Your goal » The records below should be printed once more, exactly as they appear.

Data extract »
= = = = = = =

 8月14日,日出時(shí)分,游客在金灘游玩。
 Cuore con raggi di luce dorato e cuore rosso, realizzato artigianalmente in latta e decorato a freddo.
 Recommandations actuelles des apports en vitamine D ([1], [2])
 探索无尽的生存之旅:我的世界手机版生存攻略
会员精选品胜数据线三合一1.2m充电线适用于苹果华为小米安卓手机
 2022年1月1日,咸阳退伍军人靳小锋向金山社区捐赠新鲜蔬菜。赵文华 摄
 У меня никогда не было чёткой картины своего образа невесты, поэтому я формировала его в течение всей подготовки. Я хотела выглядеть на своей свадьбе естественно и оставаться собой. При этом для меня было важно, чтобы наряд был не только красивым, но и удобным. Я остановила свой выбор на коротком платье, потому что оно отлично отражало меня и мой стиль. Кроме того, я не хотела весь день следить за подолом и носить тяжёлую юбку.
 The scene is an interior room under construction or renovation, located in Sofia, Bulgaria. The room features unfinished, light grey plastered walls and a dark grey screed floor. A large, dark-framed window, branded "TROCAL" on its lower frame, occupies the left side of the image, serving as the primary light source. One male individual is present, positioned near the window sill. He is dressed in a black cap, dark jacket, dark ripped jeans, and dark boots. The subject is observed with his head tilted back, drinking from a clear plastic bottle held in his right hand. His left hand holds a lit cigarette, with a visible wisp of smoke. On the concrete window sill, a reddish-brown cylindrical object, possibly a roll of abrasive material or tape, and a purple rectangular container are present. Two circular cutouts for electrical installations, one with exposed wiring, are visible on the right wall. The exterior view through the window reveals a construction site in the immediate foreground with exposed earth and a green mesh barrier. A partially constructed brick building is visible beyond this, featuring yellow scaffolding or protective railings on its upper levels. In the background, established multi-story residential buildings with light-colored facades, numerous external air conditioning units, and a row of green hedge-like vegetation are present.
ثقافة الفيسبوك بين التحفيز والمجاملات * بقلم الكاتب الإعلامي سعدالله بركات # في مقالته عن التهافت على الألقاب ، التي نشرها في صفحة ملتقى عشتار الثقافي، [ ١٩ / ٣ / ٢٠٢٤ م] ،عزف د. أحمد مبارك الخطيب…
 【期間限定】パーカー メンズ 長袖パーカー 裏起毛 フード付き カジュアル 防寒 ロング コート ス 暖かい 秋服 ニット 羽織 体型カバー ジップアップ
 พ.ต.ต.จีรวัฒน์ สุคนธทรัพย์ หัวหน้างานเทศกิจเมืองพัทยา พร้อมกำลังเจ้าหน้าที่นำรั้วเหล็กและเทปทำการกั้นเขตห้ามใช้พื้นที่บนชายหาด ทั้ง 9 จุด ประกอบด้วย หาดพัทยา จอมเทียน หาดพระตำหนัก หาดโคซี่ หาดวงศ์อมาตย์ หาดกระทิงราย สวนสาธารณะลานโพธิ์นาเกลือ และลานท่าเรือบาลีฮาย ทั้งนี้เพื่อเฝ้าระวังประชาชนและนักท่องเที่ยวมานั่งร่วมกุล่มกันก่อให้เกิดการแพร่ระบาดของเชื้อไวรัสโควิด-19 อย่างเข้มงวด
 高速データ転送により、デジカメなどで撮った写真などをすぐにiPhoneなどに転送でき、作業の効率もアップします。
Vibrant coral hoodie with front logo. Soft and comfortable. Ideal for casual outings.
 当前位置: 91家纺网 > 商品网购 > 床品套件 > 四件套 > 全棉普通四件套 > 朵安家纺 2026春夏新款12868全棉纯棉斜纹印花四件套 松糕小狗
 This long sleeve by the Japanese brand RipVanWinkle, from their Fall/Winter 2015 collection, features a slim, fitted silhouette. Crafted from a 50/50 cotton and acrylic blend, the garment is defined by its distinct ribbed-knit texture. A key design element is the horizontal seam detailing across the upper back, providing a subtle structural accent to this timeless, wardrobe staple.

= = = = = = =

Exercise answer »
 8月14日,日出時(shí)分,游客在金灘游玩。
 Cuore con raggi di luce dorato e cuore rosso, realizzato artigianalmente in latta e decorato a freddo.
 Recommandations actuelles des apports en vitamine D ([1], [2])
 探索无尽的生存之旅:我的世界手机版生存攻略
会员精选品胜数据线三合一1.2m充电线适用于苹果华为小米安卓手机
 2022年1月1日,咸阳退伍军人靳小锋向金山社区捐赠新鲜蔬菜。赵文华 摄
 У меня никогда не было чёткой картины своего образа невесты, поэтому я формировала его в течение всей подготовки. Я хотела выглядеть на своей свадьбе естественно и оставаться собой. При этом для меня было важно, чтобы наряд был не только красивым, но и удобным. Я остановила свой выбор на коротком платье, потому что оно отлично отражало меня и мой стиль. Кроме того, я не хотела весь день следить за подолом и носить тяжёлую юбку.
 The scene is an interior room under construction or renovation, located in Sofia, Bulgaria. The room features unfinished, light grey plastered walls and a dark grey screed floor. A large, dark-framed window, branded "TROCAL" on its lower frame, occupies the left side of the image, serving as the primary light source. One male individual is present, positioned near the window sill. He is dressed in a black cap, dark jacket, dark ripped jeans, and dark boots. The subject is observed with his head tilted back, drinking from a clear plastic bottle held in his right hand. His left hand holds a lit cigarette, with a visible wisp of smoke. On the concrete window sill, a reddish-brown cylindrical object, possibly a roll of abrasive material or tape, and a purple rectangular container are present. Two circular cutouts for electrical installations, one with exposed wiring, are visible on the right wall. The exterior view through the window reveals a construction site in the immediate foreground with exposed earth and a green mesh barrier. A partially constructed brick building is visible beyond this, featuring yellow scaffolding or protective railings on its upper levels. In the background, established multi-story residential buildings with light-colored facades, numerous external air conditioning units, and a row of green hedge-like vegetation are present.
ثقافة الفيسبوك بين التحفيز والمجاملات * بقلم الكاتب الإعلامي سعدالله بركات # في مقالته عن التهافت على الألقاب ، التي نشرها في صفحة ملتقى عشتار الثقافي، [ ١٩ / ٣ / ٢٠٢٤ م] ،عزف د. أحمد مبارك الخطيب…
 【期間限定】パーカー メンズ 長袖パーカー 裏起毛 フード付き カジュアル 防寒 ロング コート ス 暖かい 秋服 ニット 羽織 体型カバー ジップアップ
 พ.ต.ต.จีรวัฒน์ สุคนธทรัพย์ หัวหน้างานเทศกิจเมืองพัทยา พร้อมกำลังเจ้าหน้าที่นำรั้วเหล็กและเทปทำการกั้นเขตห้ามใช้พื้นที่บนชายหาด ทั้ง 9 จุด ประกอบด้วย หาดพัทยา จอมเทียน หาดพระตำหนัก หาดโคซี่ หาดวงศ์อมาตย์ หาดกระทิงราย สวนสาธารณะลานโพธิ์นาเกลือ และลานท่าเรือบาลีฮาย ทั้งนี้เพื่อเฝ้าระวังประชาชนและนักท่องเที่ยวมานั่งร่วมกุล่มกันก่อให้เกิดการแพร่ระบาดของเชื้อไวรัสโควิด-19 อย่างเข้มงวด
 高速データ転送により、デジカメなどで撮った写真などをすぐにiPhoneなどに転送でき、作業の効率もアップします。
Vibrant coral hoodie with front logo. Soft and comfortable. Ideal for casual outings.
 当前位置: 91家纺网 > 商品网购 > 床品套件 > 四件套 > 全棉普通四件套 > 朵安家纺 2026春夏新款12868全棉纯棉斜纹印花四件套 松糕小狗
 This long sleeve by the Japanese brand RipVanWinkle, from their Fall/Winter 2015 collection, features a slim, fitted silhouette. Crafted from a 50/50 cotton and acrylic blend, the garment is defined by its distinct ribbed-knit texture. A key design element is the horizontal seam detailing across the upper back, providing a subtle structural accent to this timeless, wardrobe staple.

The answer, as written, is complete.